Task brief: When copying the records below, omit any image and print everything else exactly.
____
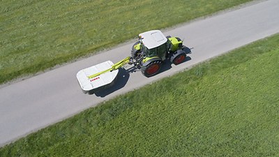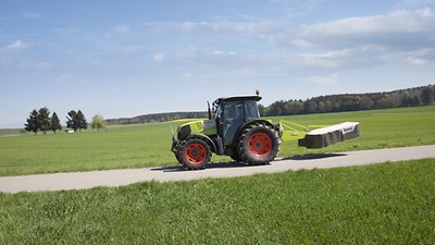 Die 120°-Transportposition und der nahe am Traktor liegende Schwerpunkt sorgen für höchste Stabilität und eine geringe Transporthöhe. Durch die angewinkelte Stellung haben Sie über die Außenspiegel freie Sicht nach hinten. Die Hinterachse wird gleichmäßig belastet, was ein Aufschaukeln während der Fahrt verhindert. So sind Sie auch auf der Straße sicher und wendig unterwegs.
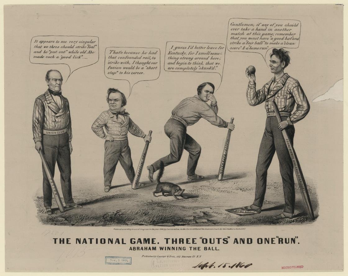 - Even before the war, Americans used terms and imagery from baseball to explain and describe events in other arenas of life. One 1860 political cartoon [shown in the gallery], depicts that year’s four presidential candidates as baseball players, with Lincoln emerging victorious.
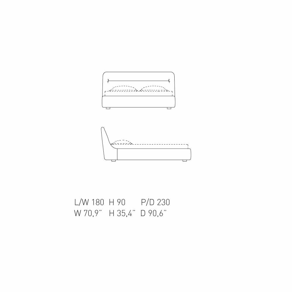 Maße: H 90 x B 180 x T 230 cm Matratze 160x200 cm
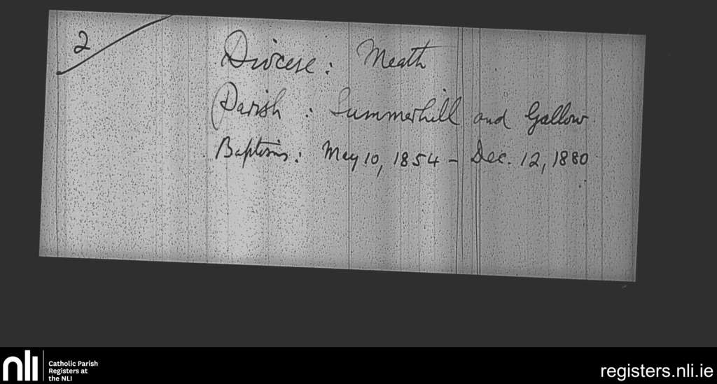 Summerhill; County of Meath; Diocese of Meath. Baptisms
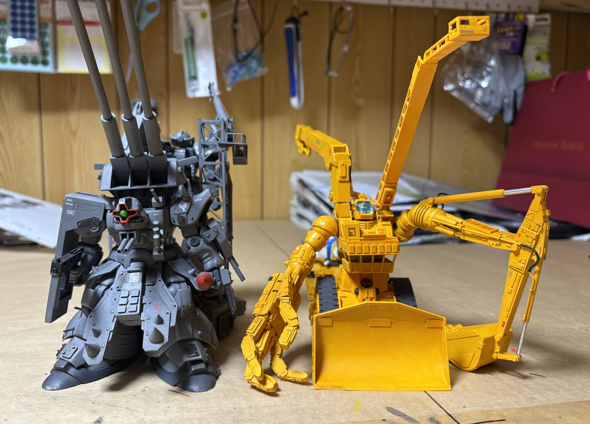 紛争や災害の復旧に役立つガンタンクを目指して、高所作業、ショベル、マニュピレーター、ブルドーザー、ユニックを作りました(zaku-kao8)
____
Response:
 Die 120°-Transportposition und der nahe am Traktor liegende Schwerpunkt sorgen für höchste Stabilität und eine geringe Transporthöhe. Durch die angewinkelte Stellung haben Sie über die Außenspiegel freie Sicht nach hinten. Die Hinterachse wird gleichmäßig belastet, was ein Aufschaukeln während der Fahrt verhindert. So sind Sie auch auf der Straße sicher und wendig unterwegs.
 - Even before the war, Americans used terms and imagery from baseball to explain and describe events in other arenas of life. One 1860 political cartoon [shown in the gallery], depicts that year’s four presidential candidates as baseball players, with Lincoln emerging victorious.
 Maße: H 90 x B 180 x T 230 cm Matratze 160x200 cm
 Summerhill; County of Meath; Diocese of Meath. Baptisms
 紛争や災害の復旧に役立つガンタンクを目指して、高所作業、ショベル、マニュピレーター、ブルドーザー、ユニックを作りました(zaku-kao8)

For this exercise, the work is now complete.